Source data
******************************

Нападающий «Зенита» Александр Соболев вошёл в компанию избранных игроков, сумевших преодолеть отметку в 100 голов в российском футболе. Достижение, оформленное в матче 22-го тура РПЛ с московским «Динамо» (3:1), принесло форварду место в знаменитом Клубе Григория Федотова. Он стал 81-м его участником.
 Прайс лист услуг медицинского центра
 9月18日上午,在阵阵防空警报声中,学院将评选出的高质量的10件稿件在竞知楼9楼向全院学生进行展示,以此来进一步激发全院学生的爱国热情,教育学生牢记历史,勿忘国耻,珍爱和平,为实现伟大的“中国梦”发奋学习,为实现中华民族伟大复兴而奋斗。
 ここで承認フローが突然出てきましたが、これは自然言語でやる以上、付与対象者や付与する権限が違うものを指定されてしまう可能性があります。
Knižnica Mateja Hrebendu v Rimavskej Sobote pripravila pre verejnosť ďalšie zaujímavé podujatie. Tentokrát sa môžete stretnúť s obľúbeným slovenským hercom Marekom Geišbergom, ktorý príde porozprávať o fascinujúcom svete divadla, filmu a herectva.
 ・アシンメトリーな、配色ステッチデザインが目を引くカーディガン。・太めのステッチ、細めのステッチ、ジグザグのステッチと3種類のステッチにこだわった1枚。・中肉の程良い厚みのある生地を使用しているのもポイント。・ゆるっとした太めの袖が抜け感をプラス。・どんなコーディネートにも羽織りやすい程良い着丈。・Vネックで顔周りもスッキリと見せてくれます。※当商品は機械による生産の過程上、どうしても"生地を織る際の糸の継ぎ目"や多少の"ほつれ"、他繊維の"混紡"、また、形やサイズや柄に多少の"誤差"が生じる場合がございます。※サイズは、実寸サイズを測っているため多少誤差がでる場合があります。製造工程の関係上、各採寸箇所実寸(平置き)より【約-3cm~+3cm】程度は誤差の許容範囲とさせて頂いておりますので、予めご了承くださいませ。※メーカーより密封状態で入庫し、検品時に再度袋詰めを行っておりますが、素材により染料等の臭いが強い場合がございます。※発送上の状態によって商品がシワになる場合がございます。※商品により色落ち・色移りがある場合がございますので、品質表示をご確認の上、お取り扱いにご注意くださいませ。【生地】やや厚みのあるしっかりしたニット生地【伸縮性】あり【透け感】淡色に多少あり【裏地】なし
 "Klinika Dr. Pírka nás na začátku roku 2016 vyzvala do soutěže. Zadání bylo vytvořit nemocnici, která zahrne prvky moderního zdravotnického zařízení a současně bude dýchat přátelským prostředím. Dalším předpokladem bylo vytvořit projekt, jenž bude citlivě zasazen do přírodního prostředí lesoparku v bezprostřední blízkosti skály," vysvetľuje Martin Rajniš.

******************************

*Prompt*. Extract from the records above the lines from the one containing "9月18日上午,在阵阵防空警" to the one containing "ここで承認フローが突然出てき", both lines included, exactly as they appear and with nothing else.

*Result for this exercise*.
 9月18日上午,在阵阵防空警报声中,学院将评选出的高质量的10件稿件在竞知楼9楼向全院学生进行展示,以此来进一步激发全院学生的爱国热情,教育学生牢记历史,勿忘国耻,珍爱和平,为实现伟大的“中国梦”发奋学习,为实现中华民族伟大复兴而奋斗。
 ここで承認フローが突然出てきましたが、これは自然言語でやる以上、付与対象者や付与する権限が違うものを指定されてしまう可能性があります。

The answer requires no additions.